Aujourd’hui, nous savons donc dépister le gène de la mucovicidose. Que saurons-nous dépister bientôt ? Et qui nos enfants, non encore nés, auront-ils prochainement le droit d’épouser ? Si nous en sommes à rechercher les “hétérozygotes pour la mucovicidose“, recherche somme toute compréhensible au regard de l’affection concernée, que recherchcerons-nous bientôt ? Faudra-t-il, lors de la visite médicale obligatoire avant le mariage, fournir son caryotype ?!
Il ne faut bien évidemment pas incriminer le diagnostic prénatal. Comme le précise un médecin, dans l’article précité de La Croix, “la surveillance de la grossesse permet aussi de sauver des enfants atteints d’anomalies cardiaques ou digestives graves“.
Un médecin raconte la difficulté de refuser une IMG, lorsque le motif ne revêt pas une gravité suffisante. Et même en cas de refus, “lorsque les parents sont déjà passés par quatre ou cinq centres, ils ont déjà tellement désinvesti la grossesse que, finalement, on se demande s’il ne faut pas autoriser l’intervention“. Et encore, d’autres perspectives sont ouvertes aux parents… En recherchant le billet dans lequel j’avais déjà évoqué ces questions, j’ai entré “avortement” dans la “Koz Bar“. Voici ce que propose Google, dans sa version française, dans les liens commerciaux :
Rappelons que l’IVG n’est légale en France que jusqu’à 12 semaines. Vous avez donc, ci-dessus, une publicité effectuée sur le sol français pour un acte illégal en France… De cet adword-là, c’est amusant, on n’entend guère parler.

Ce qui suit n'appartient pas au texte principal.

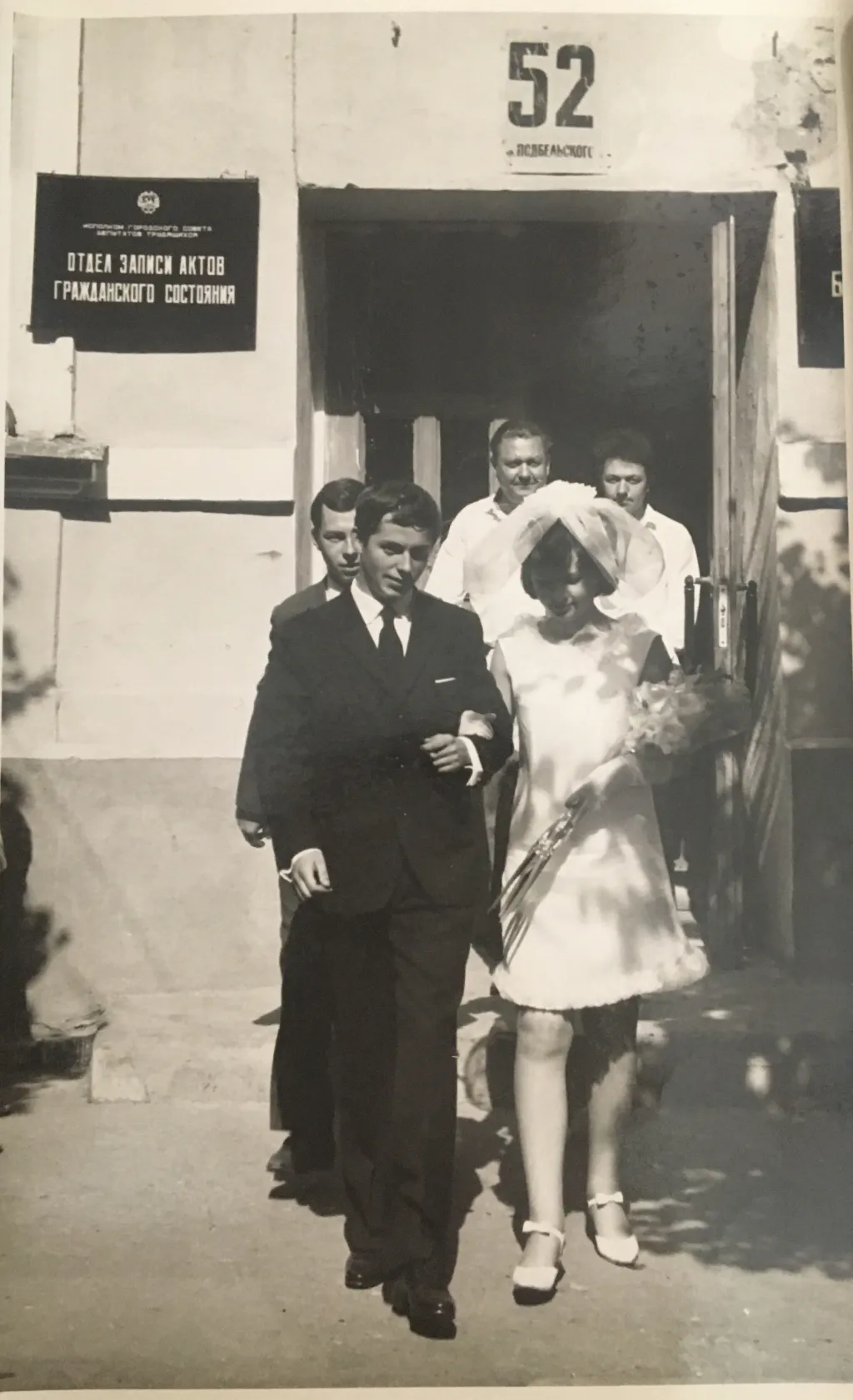 1969 г. август. Из ЗАГСа домой. Ещё не было традиции возложения цветов.

De quoi sommes-nous responsables, nous, maintenant ? Nous le sommes de notre regard car, comme le rappelle encore Didier Sicard, notre société n’accepte pas le handicap.
“On peut comprendre qu’un partie des couples se dise : je n’ai pas envie d’exposer mon enfant à cela, de faire naître un enfant handicapé dans ce contexte”
Il y aurait quantité d’autres sujets à évoquer, comme celui de la “fracture génétique“, c’est-à-dire de l’inégalité sociale devant le dépistage.
Mais il faut bien en terminer. Et je laisserai la conclusion à Dominique Quinio qui conclut ainsi son propre éditorial :
“Comment, au-delà des déclarations d’intention, permettre l’intégration des personnes handicapées pour que les futurs parents envisagent les solutions en même temps que les difficultés – parfois très lourdes – annoncées ? Comment mettre en valeur les capacités de vie, de bonheur, de tant de personnes pourtant blessées dans leur corps, dans leur intelligence ou dans leur psychisme ?
Pour qu’aucune n’en vienne à lire dans nos regards qu’elle n’aurait jamais dû naître.”